Monday, April 7, 2008

Make Assessments Count

Confusion

After reading this chapter, I'm not sure if I am supposed to be using rubrics or not. I am also not sure when I am supposed to assess and not assess. Earlier in the book, I was sure she said do not assess everything your students write, and I know she repeated it in this chapter, yet she also talks about informal assessments as on-going. Are we supposed to let the kids write without pressure, or are we looking over our student's shoulders?
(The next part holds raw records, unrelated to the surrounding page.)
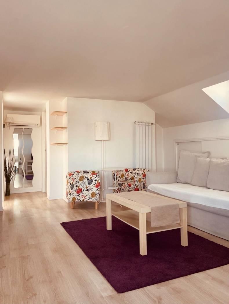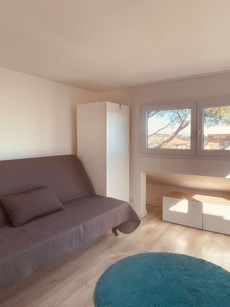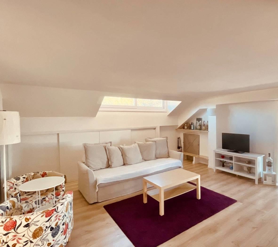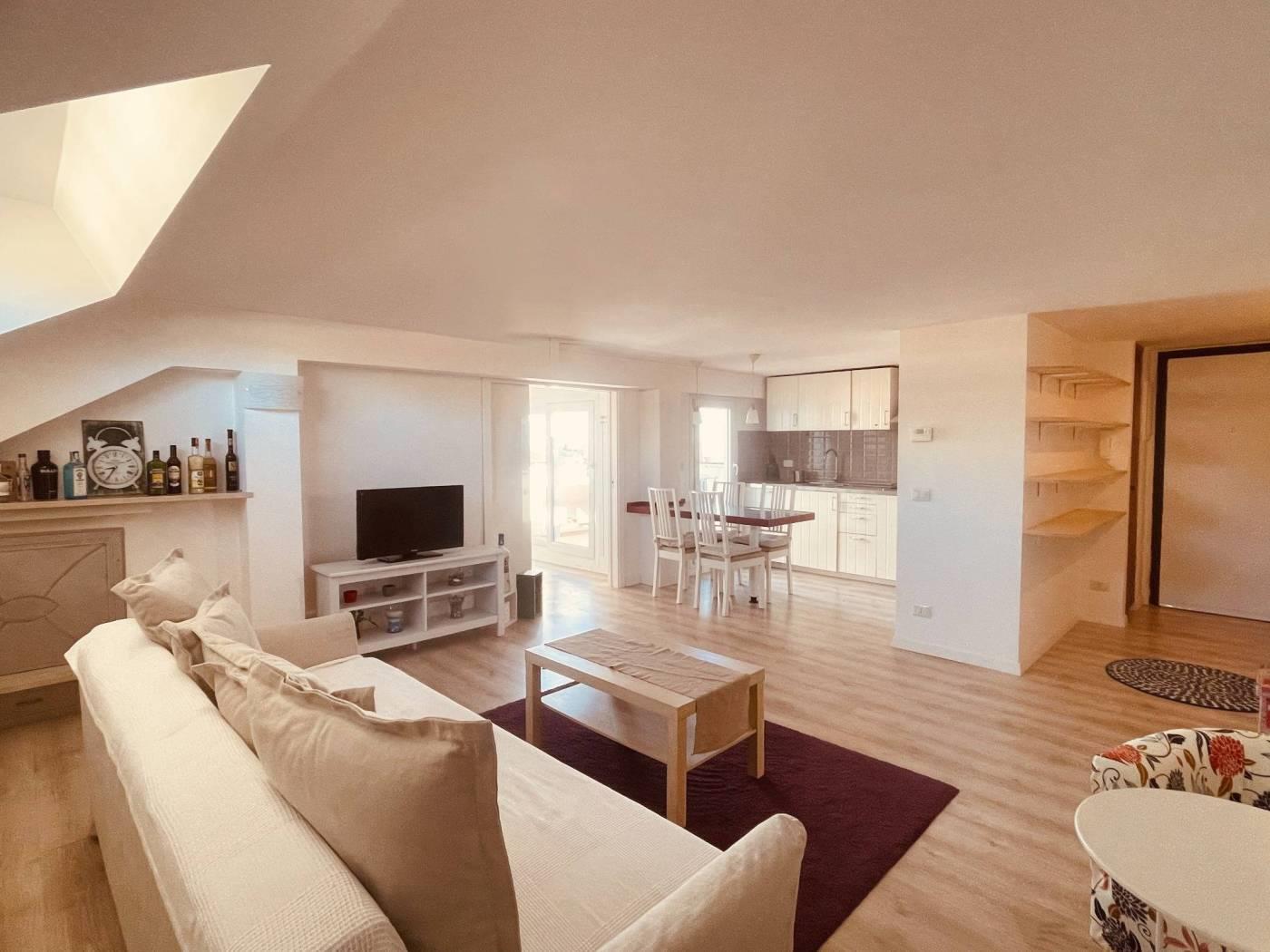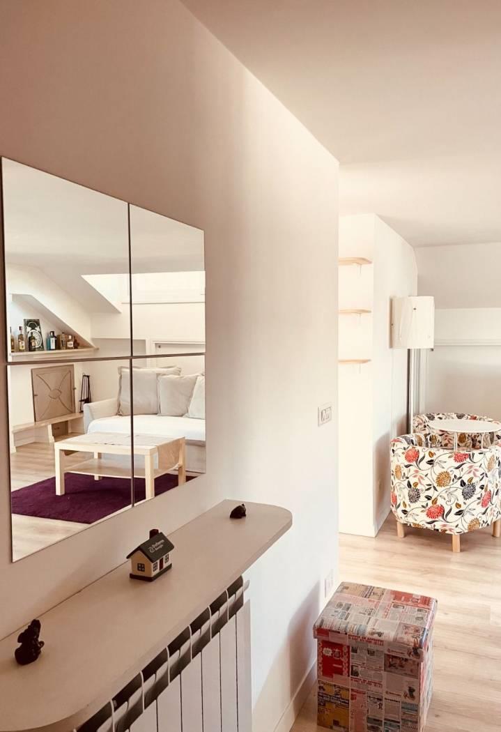In Via Mompeo, una strada privata con sbarra, proponiamo in locazione un luminoso superattico mansardato di mq 63,
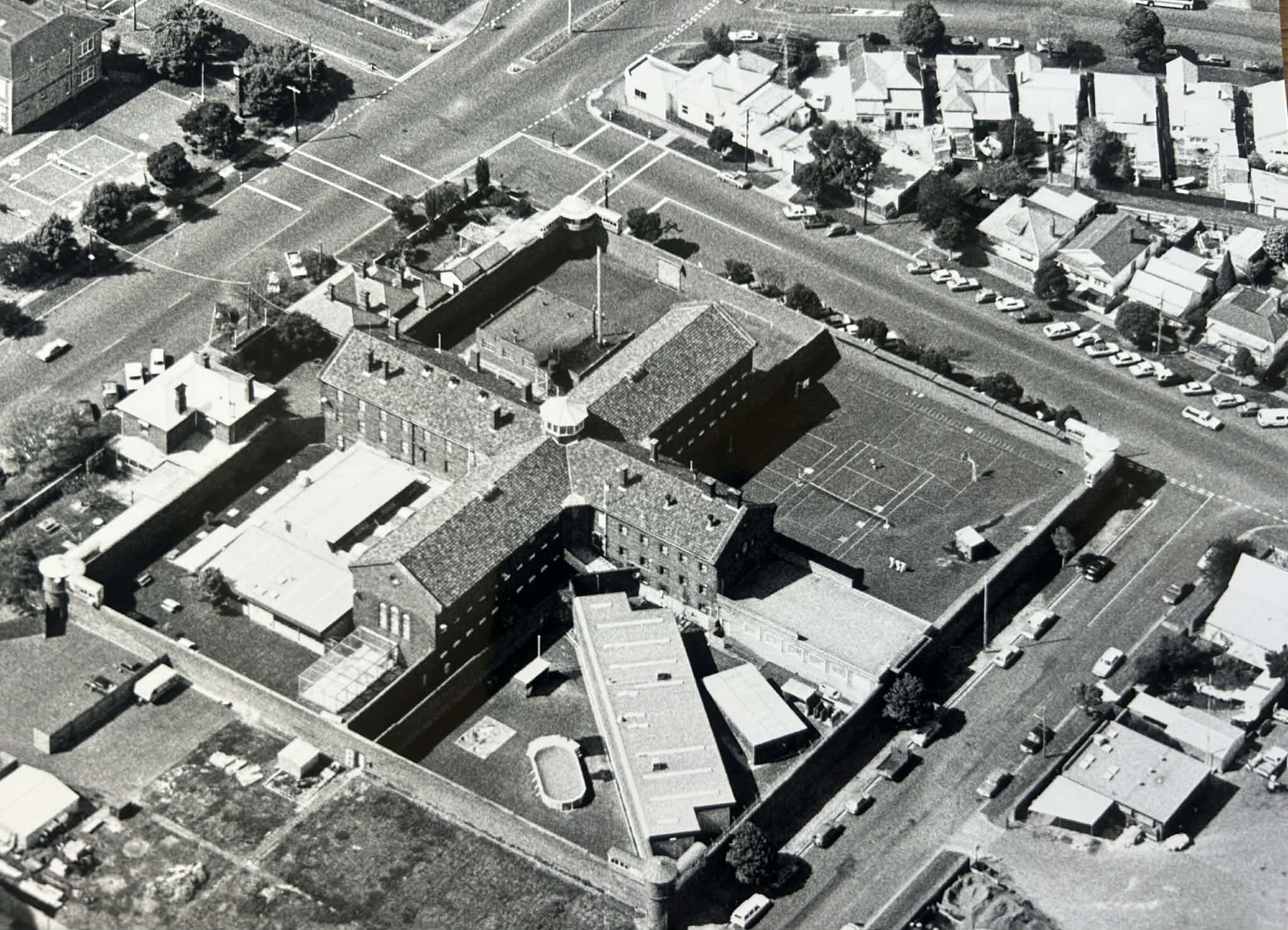 Geelong Gaol aerial view, 1987. January 25, 2026/by Noel Murphy http://noelmurphy.com.au/wp-content/uploads/2016/11/new-logo-grey.png 0 0 Noel Murphy http://noelmurphy.com.au/wp-content/uploads/2016/11/new-logo-grey.png Noel Murphy2026-01-25 23:30:362026-01-25 23:30:36Geelong Gaol aerial view, 1987.
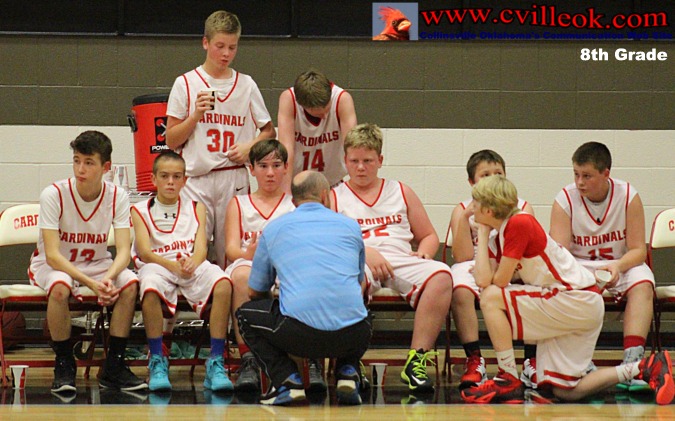 8th Grade Basketball Boys (Team 2) -- 2015-2016 (Left to Right) Front Row: Dawson Jefferson (11), Alex Guthrie (11), Jake Lawson (10), and Nick Johnson (2). -- Back Row: Payne Houts (30), Riley Jackson (14), Brandon Becerra (13), Tanner Jones (32), and Trevor Janzen (15). |
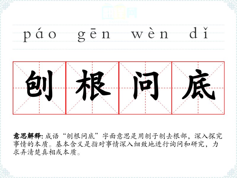 成语“刨根问底”字面意思是用刨子刨去根部,深入探究事情的本质。基本含义是指对事情深入细致地进行询问和研究,力求弄清楚真相或本质。
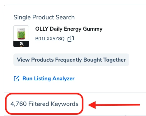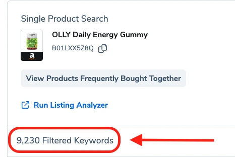 I found a random product on Amazon, and let’s say that I’m considering entering the energy supplement niche. Right here, you can see that this Daily Energy Olly product is a part of a variation with ASINs of different flavors and different types of product packaging. But I’m only concerned about the Daily Energy flavor in the Bottle packaging. Now, if I enter this specific ASIN into Cerebro, I get around 9,000 keywords back.
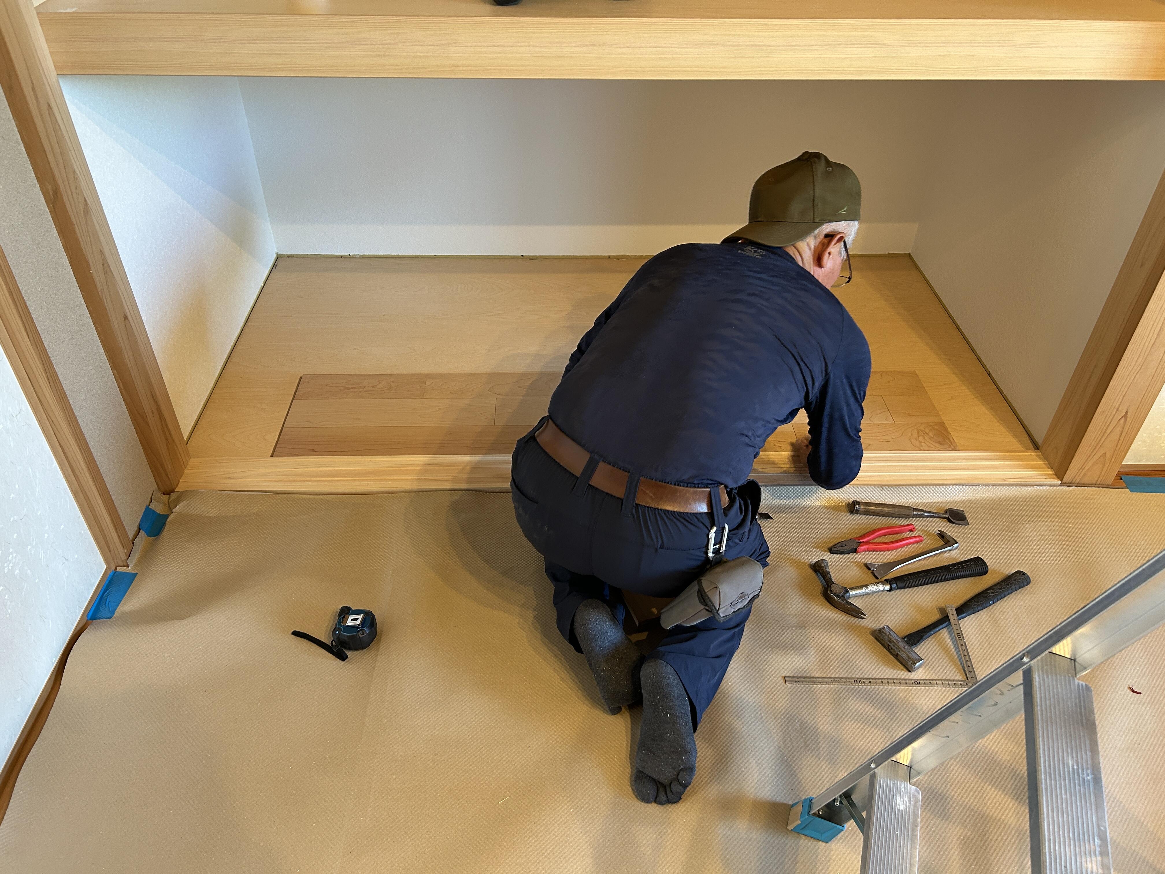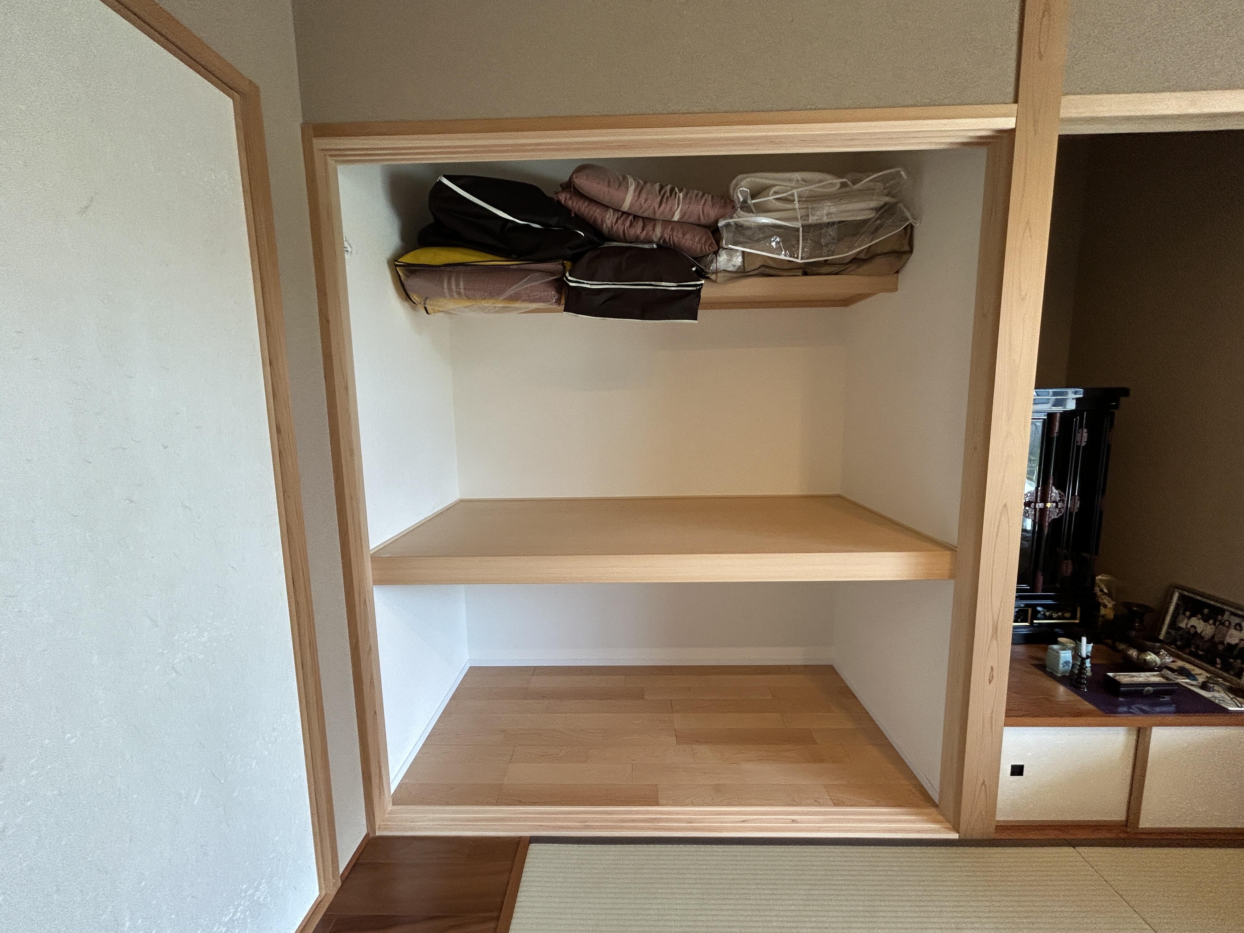 既存の鴨居・敷居を外さず新しく鴨居・敷居を取り付け、押し入れ内に段差が生じないよう床は大工さんにフロアー材を重ね張りしてもらいました。 襖の柄を選ぶ際、襖の製作業者さんに提案していただいた柄をお客様が気に入ってくださいました。立て込みをした際も「この柄を選んで良かった!」と言っていただけて嬉しかったです。
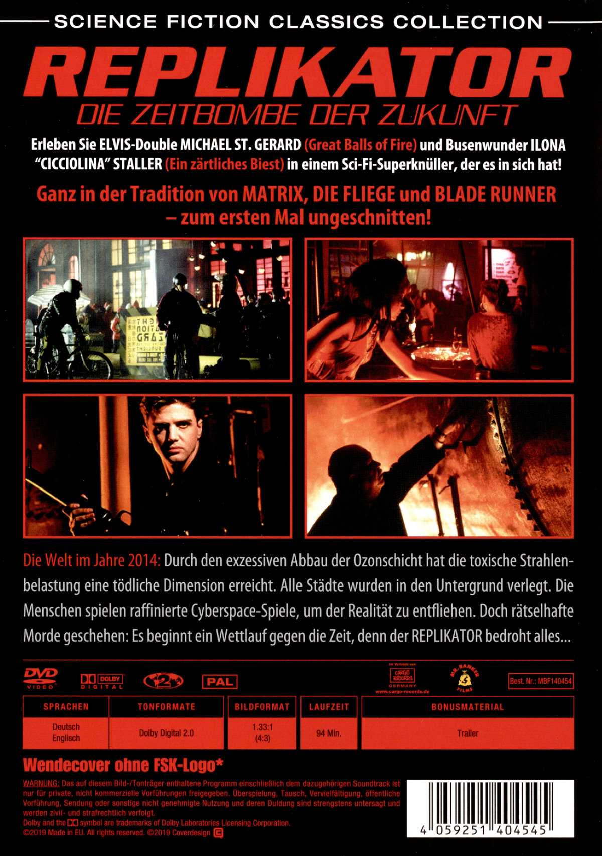 Die Welt im Jahre 2014: Durch den exzessiven Abbau der Ozonschicht hat die toxische Strahlenbelastung eine tödliche Dimension erreicht. Alle Städte wurden in den Untergrund verlegt. Die Menschen spielen raffinierte Cyberspace-Spiele, um der Realität zu entfliehen. Doch rätselhafte Morde geschehen: Es beginnt ein Wettlauf gegen die Zeit, denn der REPLIKATOR in der Gestalt ELVIS PRESLEYS bedroht alles ... Er sieht aus wie Elvis, doch er ist die Mordmaschine aus der Zukunft!
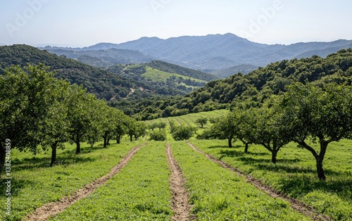 © creatfive, Fototapeta premium Sunlit Orchard Slopes Towards Distant Mountains
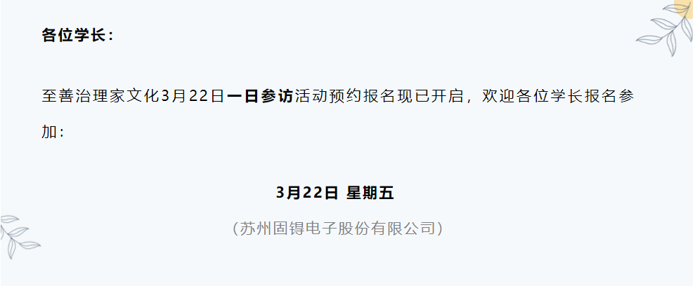 3月22日,期待您和我们一起走进苏州固锝,感受幸福企业家文化的蓬勃生气,学习企业发展的心法与技法,体悟基业长青与文化传承的力量源泉。
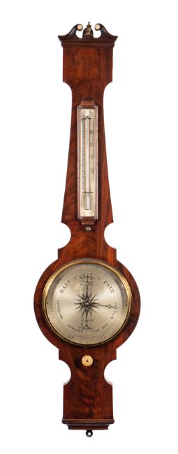 Archer Hackney, a mahogany wheel barometer, the eight-inch silvered dial with usual barometer markings and engraved with the name Archer, Hackney, the tapered mahogany case having a scroll-top pediment and with a thermometer set within the trunk, height 101cm
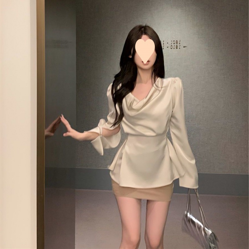 순수한 욕망 하이 엔드 우아한 새틴 셔츠 여성의 봄 허리 슬리밍 올 매치 니치 틱 탑스토어 가기
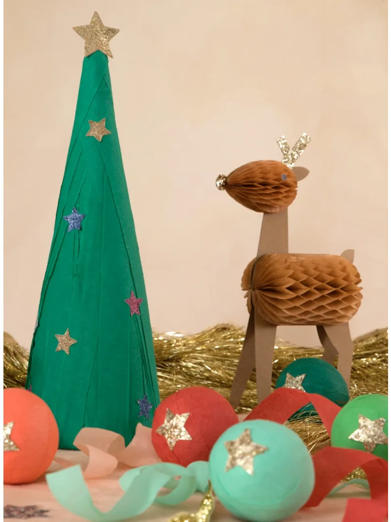 Χάρτινα honeycomb διακοσμητικά σε σχήμα ταράνδου και 3 μεγέθη.
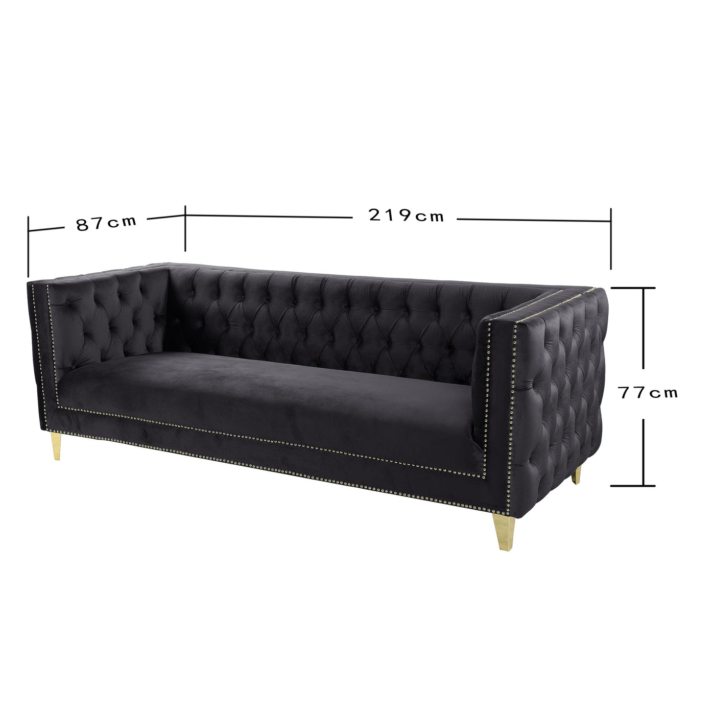 WPFurniture Luxe Velvet Sofa with Gold Legs, Gold Nail head Trim and Button-Tufted Design, Fully Assembled. Create an inviting atmosphere in your living room with this luxurious velvet sofa! Featuring a sleek rich gold nail head trim, button-tufting, and a clean-lined rectangular silhouette and legs with a shiny gold finish and fully assembled, this sofa will bring a touch of sophistication and glamour to any space. The comfortable velvet upholstery offers plenty of seating and is sure to provide a cozy spot for family and friends to gather. Add a touch of luxe to your home with this stunning velvet sofa!

What I am taking away from this chapter is that I do not need to grade everything on a rubric. Sometimes it is okay to grade on a student's improvement and growth that is seen through on-going observation. I also liked the idea of not always teaching the format of the test. Taking two weeks before the test to learn the format 'should' be enough for students to be prepared if they are used to writing longer pieces on a regular basis. I'm not sure about only writing to a prompt once every nine weeks. I have really liked what the sixth grade has been doing with writing prompts in their journal writing. I think it gives kids a start who normally can't get started.

2 comments:

Travelin' Tim said...

Thank you from the sixth grade. It does help to give prompts but at the same time you want to give them opportunities to write what they want to write about also. I haven't graded everything they have written this year but I have graded some. I have seen improvements as I check over their journal from time to time.

Brenda Dunning said...

I'm with you on the prompts topic. I believe there is still enough choice within most prompts for my students and it ensures they are writing on a variety of topics.